[Data shown]
Segment Open

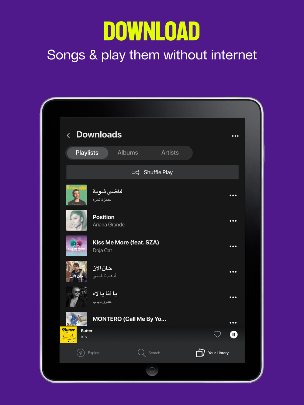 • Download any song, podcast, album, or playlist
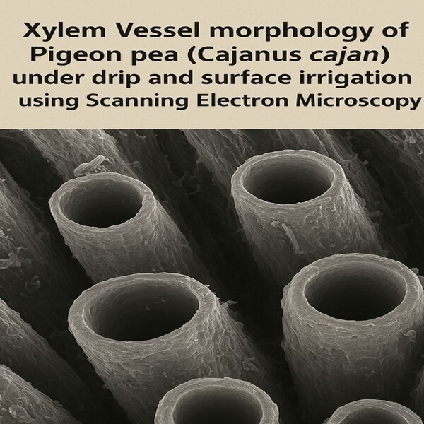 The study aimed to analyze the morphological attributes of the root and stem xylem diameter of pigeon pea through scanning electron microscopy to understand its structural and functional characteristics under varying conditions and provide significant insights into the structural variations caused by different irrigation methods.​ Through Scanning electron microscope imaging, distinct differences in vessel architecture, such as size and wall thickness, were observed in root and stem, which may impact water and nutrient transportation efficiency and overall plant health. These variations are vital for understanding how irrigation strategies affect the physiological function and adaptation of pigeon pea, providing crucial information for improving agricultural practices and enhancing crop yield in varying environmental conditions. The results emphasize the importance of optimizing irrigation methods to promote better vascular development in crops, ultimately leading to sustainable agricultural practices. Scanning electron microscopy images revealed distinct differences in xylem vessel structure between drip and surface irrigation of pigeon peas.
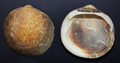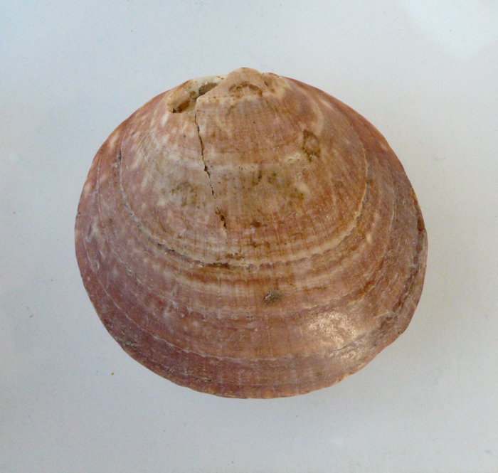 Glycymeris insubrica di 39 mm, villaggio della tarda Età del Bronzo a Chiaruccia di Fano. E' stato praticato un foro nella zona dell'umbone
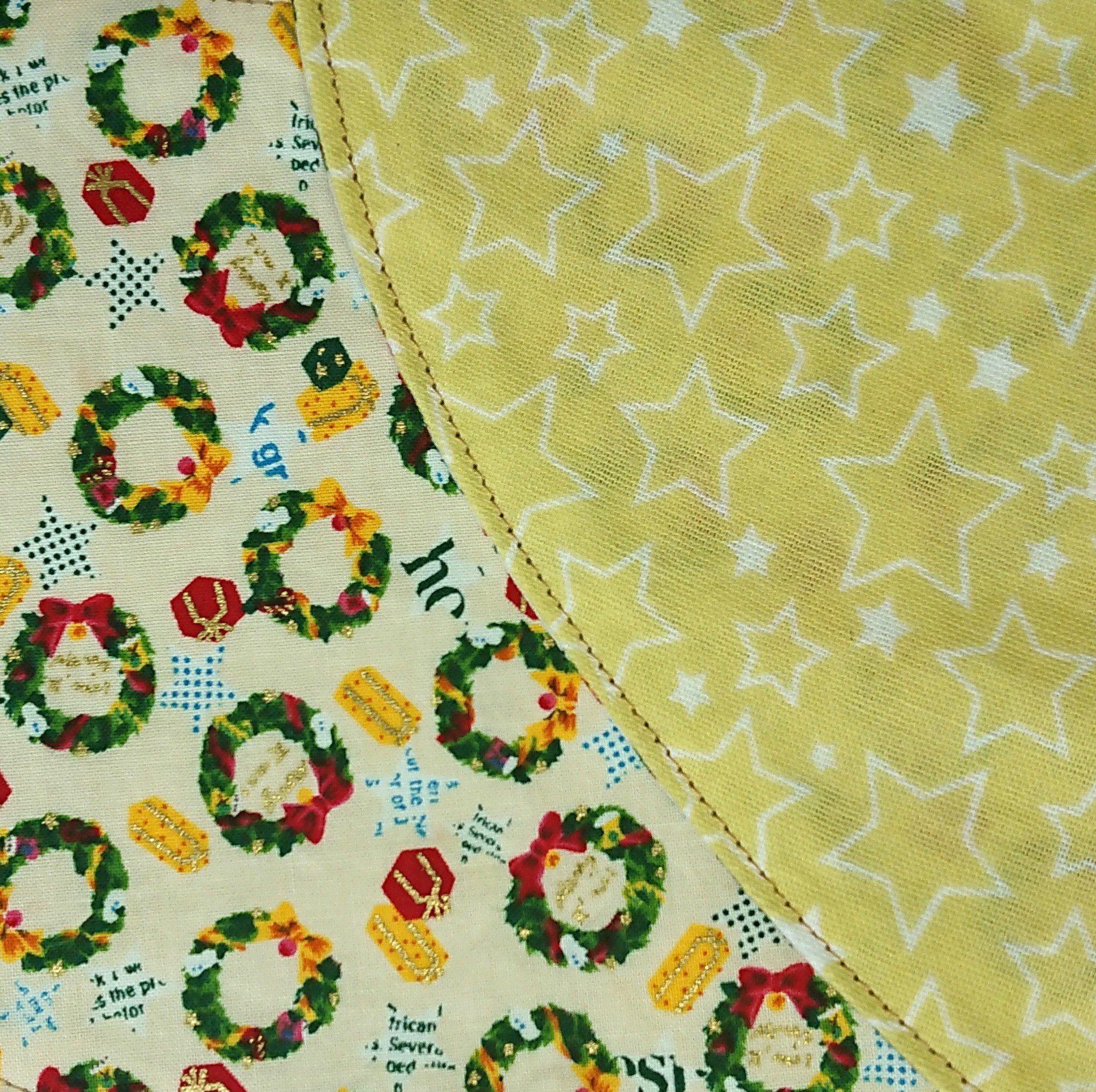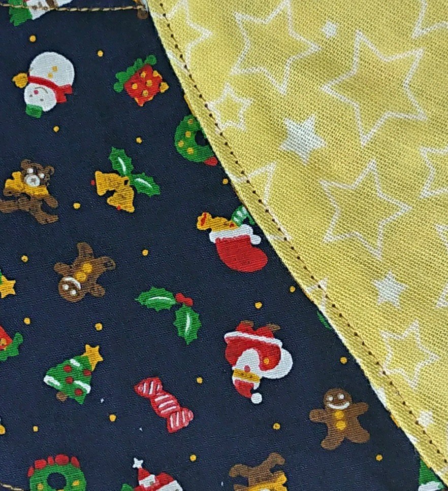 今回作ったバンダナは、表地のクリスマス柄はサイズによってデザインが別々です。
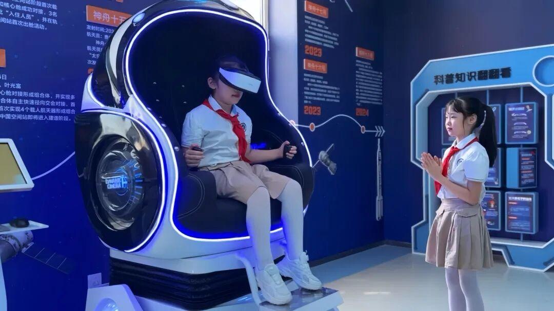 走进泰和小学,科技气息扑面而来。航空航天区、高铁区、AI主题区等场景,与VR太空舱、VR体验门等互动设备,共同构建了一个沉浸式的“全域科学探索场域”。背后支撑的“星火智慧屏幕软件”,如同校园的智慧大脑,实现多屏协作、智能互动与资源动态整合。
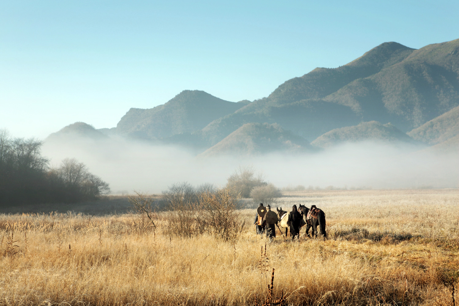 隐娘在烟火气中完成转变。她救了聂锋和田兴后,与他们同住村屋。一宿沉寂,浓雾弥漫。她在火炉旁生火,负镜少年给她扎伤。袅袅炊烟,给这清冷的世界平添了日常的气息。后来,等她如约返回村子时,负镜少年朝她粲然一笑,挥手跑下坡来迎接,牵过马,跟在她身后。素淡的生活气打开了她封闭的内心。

Segment Closed
Segment Open

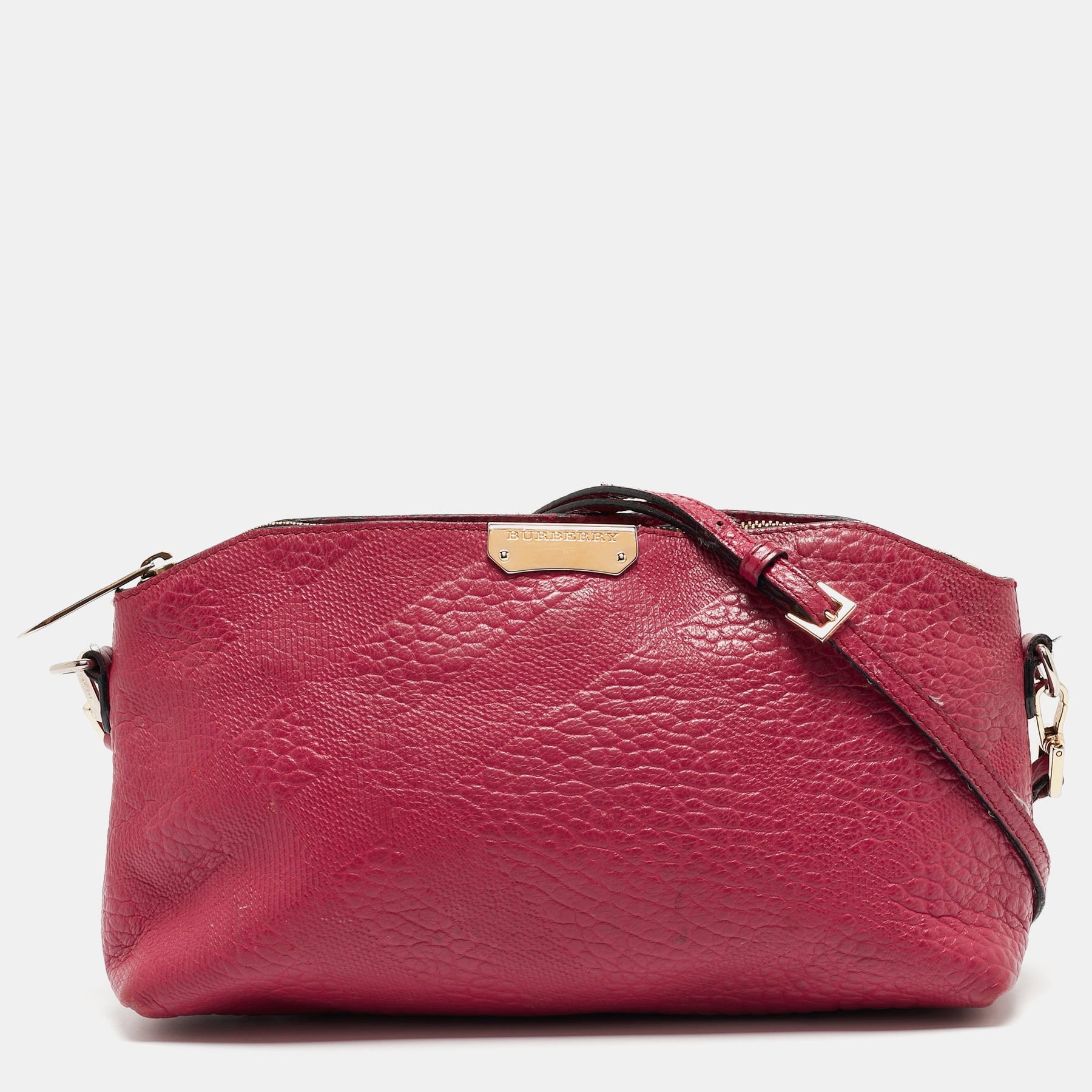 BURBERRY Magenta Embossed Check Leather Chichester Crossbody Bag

Segment Closed

[What you will do]
Write back word for word every line in the entries above from the one with "album, or playlist" to the one with "The study aimed", ends included, and none of the pictures.

[Response to the exercise]
 • Download any song, podcast, album, or playlist
 The study aimed to analyze the morphological attributes of the root and stem xylem diameter of pigeon pea through scanning electron microscopy to understand its structural and functional characteristics under varying conditions and provide significant insights into the structural variations caused by different irrigation methods.​ Through Scanning electron microscope imaging, distinct differences in vessel architecture, such as size and wall thickness, were observed in root and stem, which may impact water and nutrient transportation efficiency and overall plant health. These variations are vital for understanding how irrigation strategies affect the physiological function and adaptation of pigeon pea, providing crucial information for improving agricultural practices and enhancing crop yield in varying environmental conditions. The results emphasize the importance of optimizing irrigation methods to promote better vascular development in crops, ultimately leading to sustainable agricultural practices. Scanning electron microscopy images revealed distinct differences in xylem vessel structure between drip and surface irrigation of pigeon peas.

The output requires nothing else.